Fig. 15 is perspective view of a portable radio telephone incorporating a tape antenna in accordance with the embodiment of, for example, Fig. 1.

Whilst the preferred embodiments of the various aspects of the invention will be described with reference to a portable radio telephone, it will be understood that the invention can be applied more widely. For example, instead of being an integral part of, or an attachment to a radio case, the invention may be embodied in an independent antenna assembly provided for fitment to a radio. Also, where the tape antenna is used independently of an adapter (such as that shown in Fig. 9), it may be part of an antenna assembly which is remote from a radio e.g. as with a vehicle antenna.

A description will first be given of various embodiments of a tape antenna and then a description will be given of an adapter for operating a radio on an external antenna instead of an existing antenna.

Figs 1-7 all show a cross-section through part of a radio case 1, containing conventional circuitry and components (not shown). In Figs. 1, 2 and 4-7, the case 1 includes an integral housing 2 having walls 3, 4a, 4b 5a, 5b which define a T-shaped passageway 6 in which an antenna 7 is located. In Fig. 1 the antenna 7 is in the form of a tape having a bowed or arcuate cross-section.

The tape 7 is preferably made from a thin sheet of spring metal which is electrically insulated by means of a layer or coating (not shown) of insulating material. However, in some embodiments of the invention, some parts of the tape are not insulated so that electrical connection can be made between the metallic sheet and electrical contacts.

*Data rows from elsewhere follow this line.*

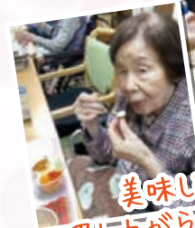
美味しく召し 上がられてますね (^▽^)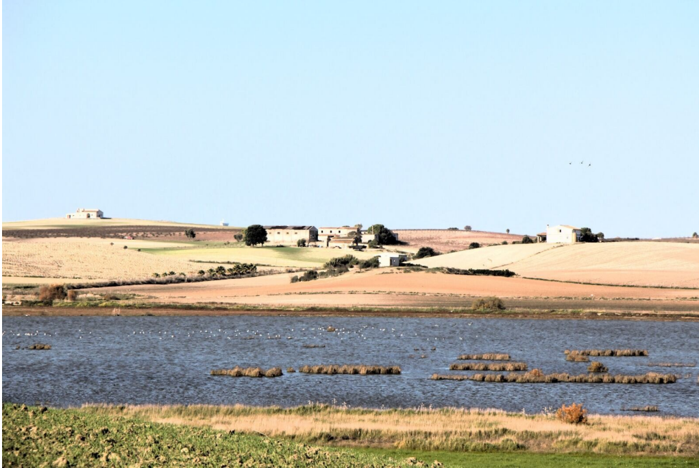
Foto n.º 56 Vista de la laguna desde la orilla este en dirección noroeste. Al fondo la Viña El agostado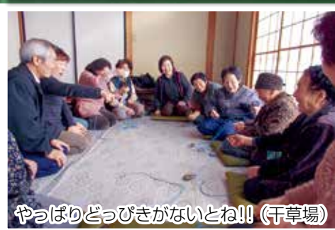
やっぱりどっぴきがないとね!! (干草場)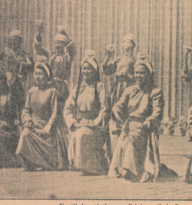
Tinerii dansatori mongoli interpretînd „Dansul cu cești” (cadru din film).

The passageway 6 has a dimension 'd' which is slightly less than the normal radial extent 'e' of the bowed section of the tape 7 i.e. when the tape is not located in the passageway 6. This radial extent 'e' is shown in Fig. 8. The tape is then slightly distorted (compressed radially) when fitted to the passageway and this provides a degree of self-retention, e.g. for holding the tape in an extended position, or for preventing it from falling out of the passageway when retracted.

The bowed or arcuate cross-section of tape 7 provides a degree of inherent rigidity when the antenna is extended i.e. to prevent it from folding. Fig. 2 shows a tape 7a with a bent and a shallow V-shaped cross-section and Fig. 4 shows a tape 7b with a corrugated cross-section. Both of these tapes have inherent rigidity and can be slightly compressed when fitted to their respective passageways.

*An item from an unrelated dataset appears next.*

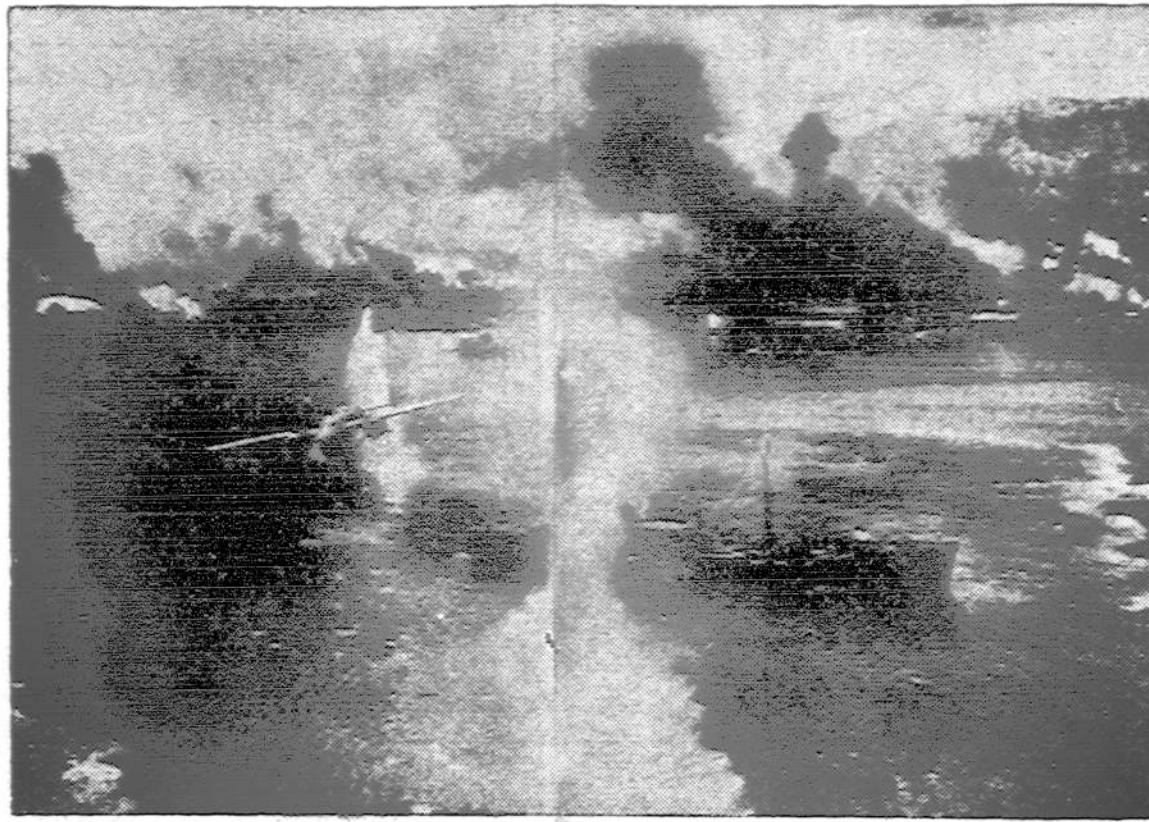
Amerikos bomberiai, kaip B-25 kairėje-centre, neseniai atliko sėkmingą puolimą Rabaul Harbor, kur bombomis sukėlė gaisrus ir stoviniuose japonų laivuose ir uoste. Nuotrauka padaryta po bombardavimo.

In Figs. 1, 2, 4-7, the housing 2 has an opening 8 providing access to tape 7. The opening enables other components to be coupled to the radio.

The tape antennae of the above embodiment may be incorpovated in a portable radio telephone as shown in Fig. 15.

As an alternative to using a tape with a configured cross-section, a flat tape 7c can be fitted into a passageway having an arcuate section as shown in Fig. 3.

Since the tape will tend to take up its normal flat shape, a degree of self-retention is provided. Moreover, although the tape will lose rigidity the further it is extended, as long as it is not extended too far, the lower portion of the extended tape (close to passageway) will be configured into a curve that tends to prevent folding of the tape. The passageway 6a need not have an arcuate shape (as shown). For example, a flat tape wider than the passageway 6 (of Fig. 1) could be curved into an arc before sliding it into passageway 6. The lateral edges of the tape would then abut the corners of the passageway 6 and (preferably) the centre portion of the tape would contact the rear wall 3.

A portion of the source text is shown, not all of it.